## INFORMATION SHOWN
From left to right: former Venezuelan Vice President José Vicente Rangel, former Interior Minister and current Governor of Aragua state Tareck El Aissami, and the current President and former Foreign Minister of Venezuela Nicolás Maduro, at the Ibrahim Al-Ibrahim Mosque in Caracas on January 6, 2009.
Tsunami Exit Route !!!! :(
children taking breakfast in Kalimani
==
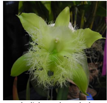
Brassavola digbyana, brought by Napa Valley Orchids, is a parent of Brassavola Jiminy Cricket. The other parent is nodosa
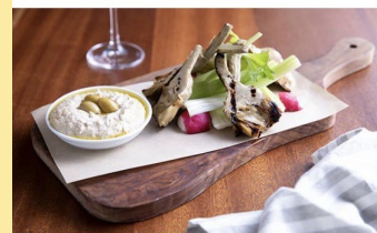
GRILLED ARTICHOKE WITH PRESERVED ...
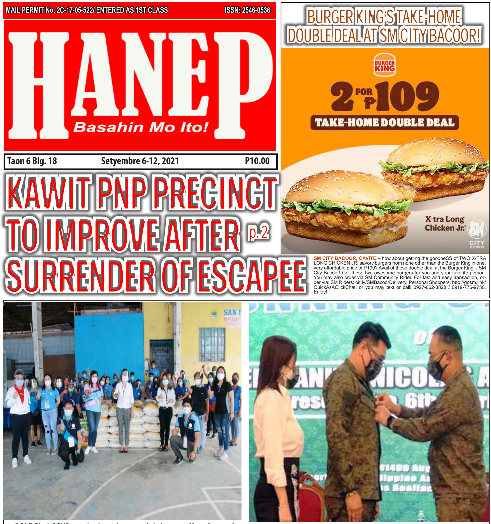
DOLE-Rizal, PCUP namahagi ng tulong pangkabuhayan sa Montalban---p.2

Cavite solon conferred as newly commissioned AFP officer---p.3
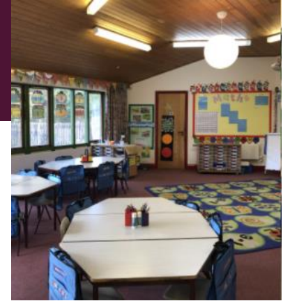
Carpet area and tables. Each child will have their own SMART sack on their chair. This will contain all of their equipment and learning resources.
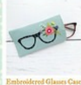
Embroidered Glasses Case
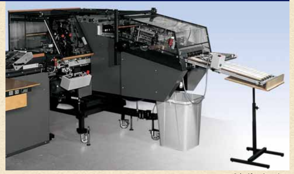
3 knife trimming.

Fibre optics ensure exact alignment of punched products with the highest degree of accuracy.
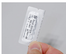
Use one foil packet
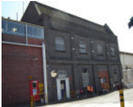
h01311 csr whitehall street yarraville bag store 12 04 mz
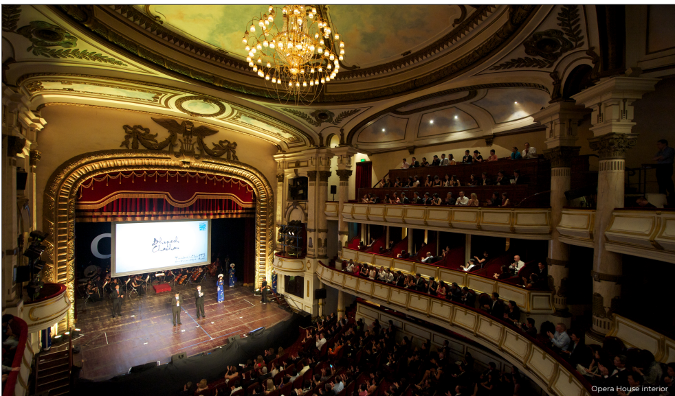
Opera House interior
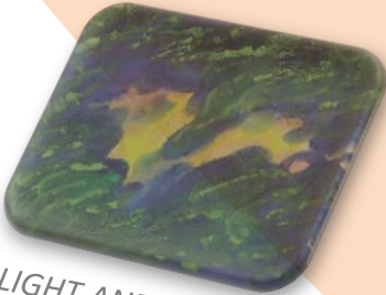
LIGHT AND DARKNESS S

## WORK REQUIRED
Give only the lines from the one holding "Tsunami Exit Route" through the one holding "children taking breakfast in Kalimani", each restated exactly as it appears above.

## RESPONSE FOR THIS EXERCISE
Tsunami Exit Route !!!! :(
children taking breakfast in Kalimani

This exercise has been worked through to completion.